III. The nation is essentially the source of all sovereignty; nor can any INDIVIDUAL, or ANY BODY OF MEN, be entitled to any authority which is not expressly derived from it.
He declared that a country represented by a true Republican government will rarely if ever go to war, because wars occur when the interests of the rulers differ from the interests of the people. “Man is not the enemy of man, but through the medium of a false system of Government. Instead, therefore, of exclaiming against the ambition of Kings, the exclamation should be directed against the principle of such Governments; and instead of seeking to reform the individual, the wisdom of a Nation should apply itself to reform the system.”
At a time when the newly independent United States of America enjoyed few social divisions on the basis of wealth and position, Paine saw in England the continued rule of aristocrats and oligarchs. In condemning this undemocratic feature of British society, he spoke specifically to the question of commercial charters and corporations. “They do not give rights to [the corporation], but they make a difference in favour of [the corporation] by taking away the [rights of the people], and consequently are instruments of injustice.” He added, “This species of feudality is kept up to aggrandise the corporations at the ruin of towns; and the effect is visible. The generality of corporation towns are in a state of solitary decay …”
“Ah!...the comets..., that always signals some great misfortunes!”
The contrast of affluence and wretchedness continually meeting and offending the eye, is like dead and living bodies chained together.
- Thomas Paine
Of the corporation, Paine asked, “What right has it to a distinct and separate representation from the general interest of a nation? The only use to be made of this power (and which it always has made), is to ward off taxes from itself, and throw the burthen upon those articles of consumption by which itself would be least affected.” That is, the corporate interests will always seek to reduce taxes on their own properties, and shift the burden of taxation to the poor. “Their residences, whether in town or country, are not mixed with the habitations of the poor. They live apart from distress, and the expense of relieving it. It is in manufacturing towns and labouring villages that those burthens press the heaviest; in many of which it is one class of poor supporting another.”

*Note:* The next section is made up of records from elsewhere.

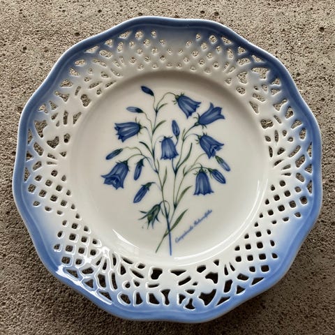 2 smukke vintage platter/tallerkner med guldskrift, sælges for 60 kr.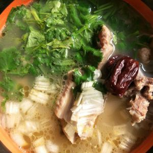 熬好关火,盛入碗中,放入香菜,葱花,香油。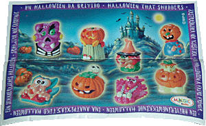Zu Halloween 2004 kommen unter anderem diese 8 Figuren, die eine Serie ergeben. Die Kürbisse und Fratzen sind teilweise selbst leuchtend. Der Kürbis unten links ist mit einer Batterie ausgestattet, so dass er aus Augen, Nase und Mund anfängt zu leuchten, wenn man den Knopf drückt. Die Vorderseite zeigt die ganze Serie. Jede Halloween Figur hat einen extra BPZ, wo auf der Rückseite z. B. die Funktion beschrieben ist und die deutliche Auswirkung des Leuchteffekts gezeigt wird. [Hier noch ein älterer Bericht der Halloween 2004 Sachen] [Link zu der Halloween Auktion]
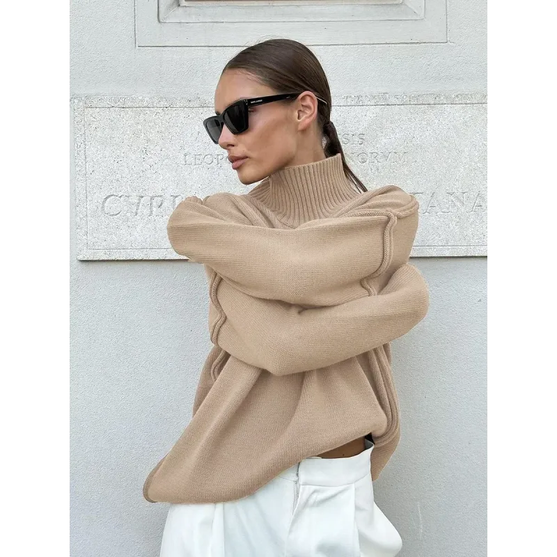 Zekey Autumn Winter Women's Solid Color Knitted Turtleneck Sweater Female Warm FashionThick Loose Casual Pullovers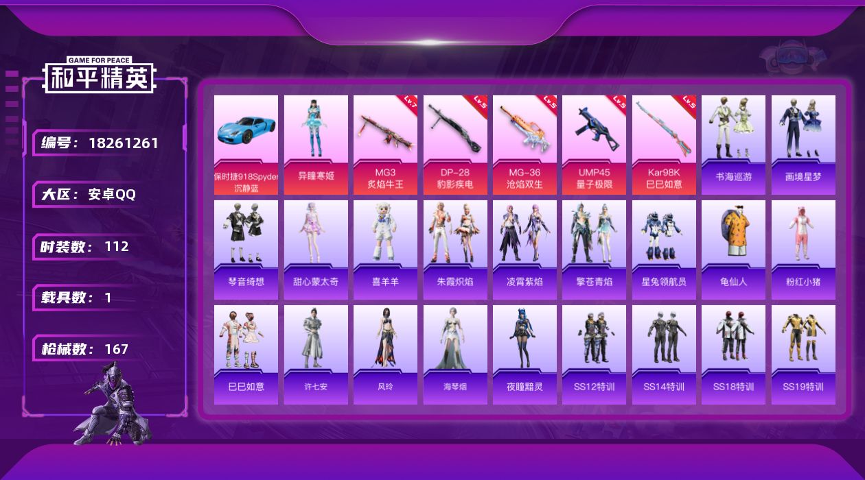 11王牌印记-5粉装-10特效枪-63023热力值-155套装-224枪皮-1卓越印记-1传奇印记

In publishing The Rights of Man, Paine risked being imprisoned in England. In defending the French Revolution, he put himself at odds with the views of mainstream Americans, who were shocked by the bloody aftermath and became alienated from their one-time sister in revolution. And in his sharp criticisms of religion, he would eventually become a nearly universally despised and shunned figure, considered a friend no longer by George Washington and attacked tenaciously and savagely by John Adams, and would die a painful death in poverty.